Once in the blue moon: introducing Many Voices Speak

Neu Once in the blue moon: introducing Many Voices Speak

This Stockholm-rooted newcomer found escape in the country for her debut EP ‘Away All the Time’, which hints at Angel Olsen, The War on Drugs and imminent stardom.

When a new artist releases a cover, they usually don’t dig too deeply into the well of the past for source material. Typically, putting a spin on something still firmly mounted in the chart hierarchy is a safe way to have your unique voice heard without deviating too far from the norm.

That’s decidedly not what Swedish singer-songwriter Many Voices Speak (Matilda Mård) did when she released a cover of Blue Moon,’ a syrupy doo-wop ballad originally by Richard Rodgers and Lorenz Hart. The song’s gone through many iterations over the years which mostly either try too hard to create distance from the original or simply don’t change enough to be compelling.

Mård’s version feels like a new creation, informed by a pervasive sense of nostalgia but also a glimmer of hope. In some fictional Netflix-approved music industry drama, this would be the song Mård is singing when she’s discovered in a musty club in the middle of nowhere, before being rocketed to stardom. It’s a stunning and intimate turn from Mård, and one that makes even more sense when compared to her debut EP, ‘Away for All Time’.

The result of a move from Stockholm to the comparatively bucolic Borlänge (a town in central Sweden with a population of roughly 40,000), ‘Away for All Time’ feels like a deep inhale of fresh air after too much time in the city. It’s spacious, sweeping, and sentimental, a graceful project anchored by Mård’s mesmerizing vocals.

Ahead of its release, Many Voices Speak took some time to chat with DIY.

Could you tell me a bit about your musical background and how Many Voices Speak came to be?

I started kind of late writing songs in a serious way. I’d graduated from school and I had a lot of focus on, just singing and having fun with music. Then in my late teens I started to write and music became serious in a different way. It started to be kind of therapy for me in a different way, it had been that in a more primitive way as a kid, but now it was like writing and processing things. I started to write a lot and didn’t care about the result as much. I was putting every demo out on the Internet.

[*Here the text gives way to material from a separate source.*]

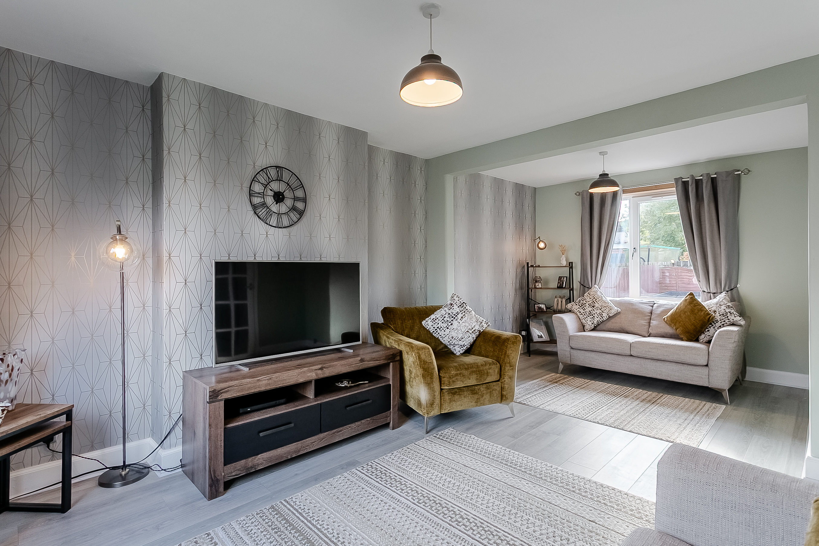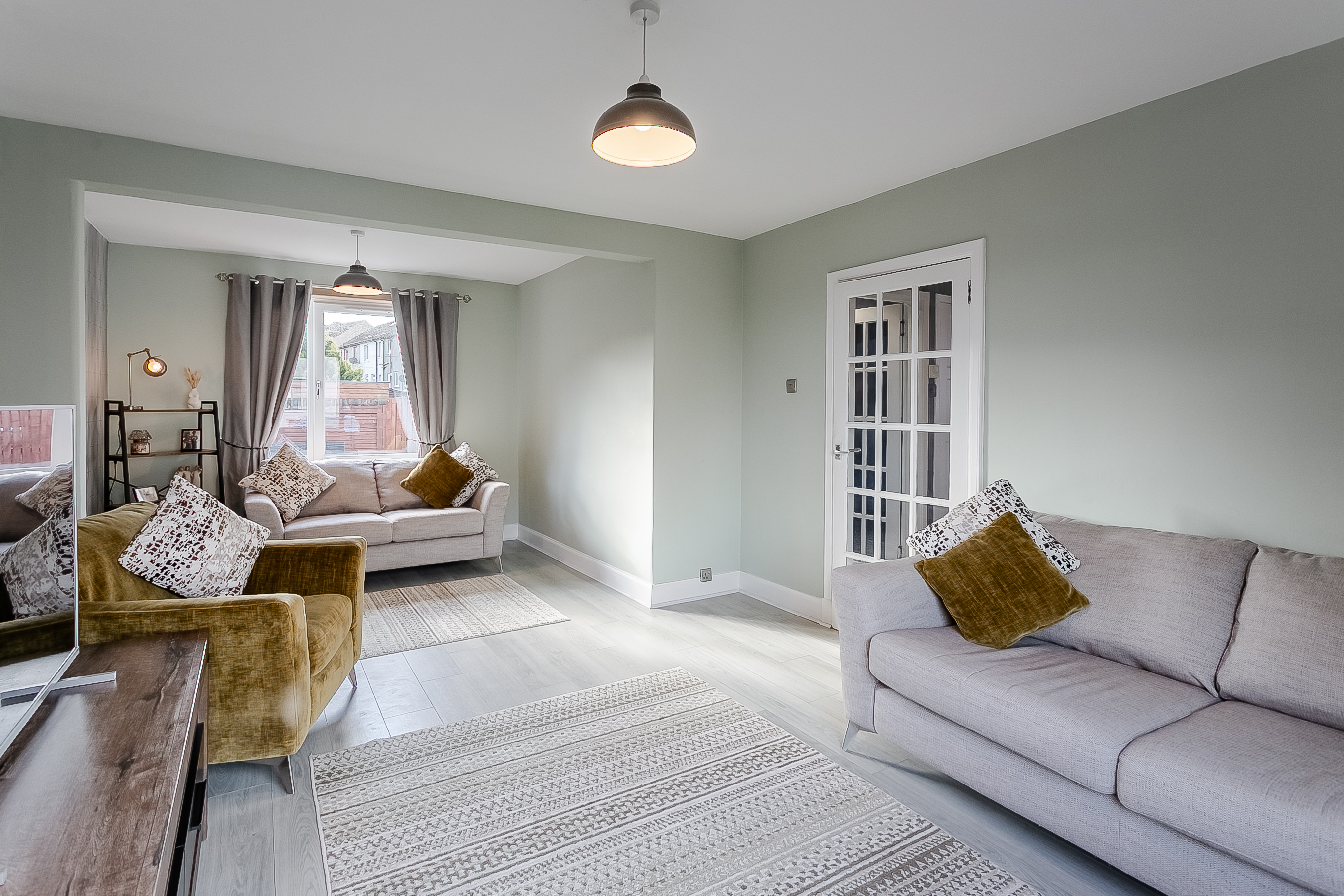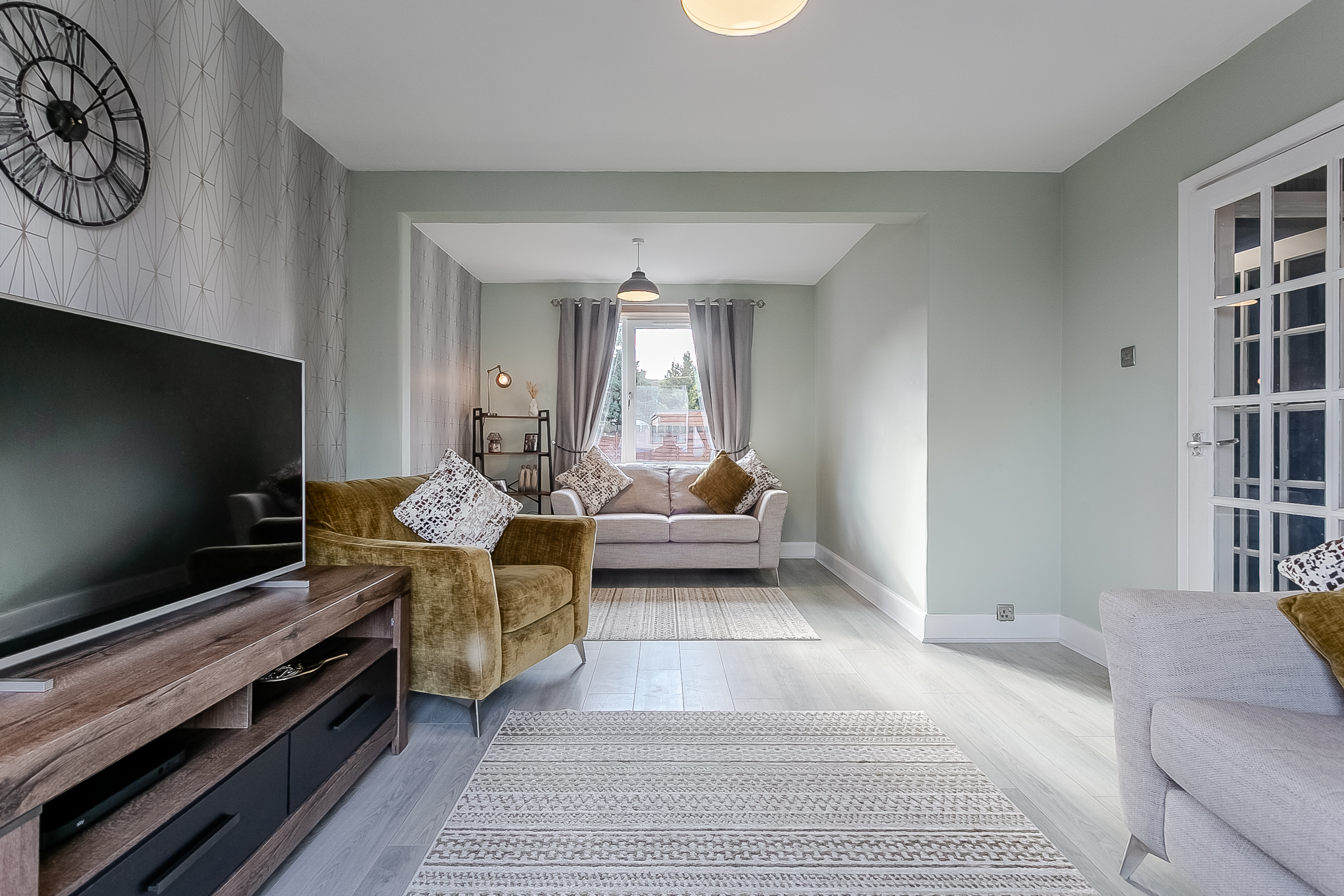 A bright and spacious entrance hall welcomes you into this beautifully presented home, offering access to all ground-floor rooms. The generously sized living and dining room is a true highlight, featuring attractive wood-effect flooring, elegant central light fittings and large windows that flood the space with natural light.

I came to a turning point in that thing too, where I felt like I had sorted things out now, and I wanted to go deeper into music making, and got interested in arrangements, and producing, and soundscapes.

To record the EP you left Stockholm and moved to Borlänge. What prompted you to do that and how do you think that influenced the EP?

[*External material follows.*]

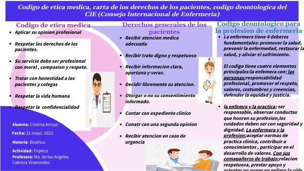 Codigo de etica medica, carta de los derechos de los pacientes, codigo deontologica del CIE (Consejo Internacional de Enfermeria)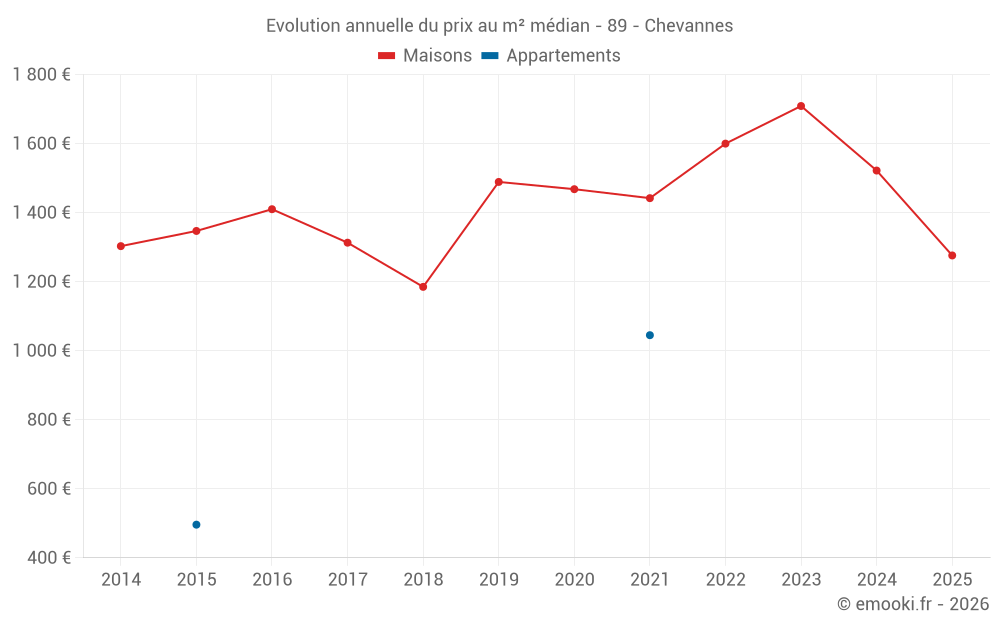 Le prix médian sur les 21 transactions de maisons des 12 derniers mois dans la commune de Chevannes était de 1 500 € par mètre carré pour une valeur foncière médiane de 143 000 €. Sur cette période 60% des transactions se sont situées entre 1 164 et 1 964 € par mètre carré (du 2ème au 8ème déciles).

It was a lot about the music that made me move. I felt like Stockholm had made me – both as a person and a musician – kind of indifferent. I needed to experience a kind of collision with something really unknown… There were no distractions, it was like being 12 again, where there’s nothing to do in your hometown so you discover music. I had to create that environment for myself.

What would you say is the biggest difference between what you were writing in Stockholm and what you wrote in Borlänge?

In Stockholm it was a lot about just relationships and heartbreaks. I didn’t care that much for it to be interesting for someone else, it was just therapy for myself. When I was in Borlänge it was more about wanting to discover things. Musically I wanted to make more out of the songs and I think I was fed up with digging into love stories. I’d come to a point where there was so much more in the world to reflect about than the last relationship.

The trip to Borlänge really made me value music again. I had kind of lost that for those last few years in Stockholm. I live in Stockholm now but I feel like a country person. I appreciate living in a big city now more than before when I was indifferent, like I said.

How did ‘Video Child’ come together?

It was the first song that I actually put a lot of work in, compared to how nonchalant I was when I was writing songs earlier. It’s about a friendship from very long ago. I was reconnecting to someone I didn’t have contact with anymore. It was a nice feeling giving life to that friendship again but through a song.

‘Blue Moon’

What made you decide to cover ‘Blue Moon’?

I’m very drawn to finding unexpected beauty in things. I think that runs through a lot of things [I do], like finding vintage clothes or a very nice café in a not nice village.

Who did you listen to while you were recording for this EP?

I think this is absolutely the hardest question. I’m actually a really bad music listener, especially when I’m in the writing process. I’m very selective with my influences… when I’m writing it has to be very far from the sound and genre that I’m in. So I’d say it’s a selection of Patsy Cline, very old songs like ‘Moon River,’ I have put together a playlist called ‘Hollywood’ that all sound like ‘90s Hollywood movies. But I’m kind of afraid of taking in too many influences actually.

What kind of impression do you hope this EP to leave on people who may be just discovering Many Voices Speak?

I want people to feel included when they listen to my songs, and maybe that’s why I have themes that are kind of timeless, and that they’re all kind of stories that many people can relate to. I really like protecting that kind of sentimental theme, a lot of popular music today is very ‘YOLO’ and that has a good impact on people, but myself I really like to feel sentimental sometimes in connection to music, and I feel like I’m a protector of that kind of expression, and that it’s okay to feel sad and reflect about things.

Many Voices Speak's 'Away for All Time' EP is out now.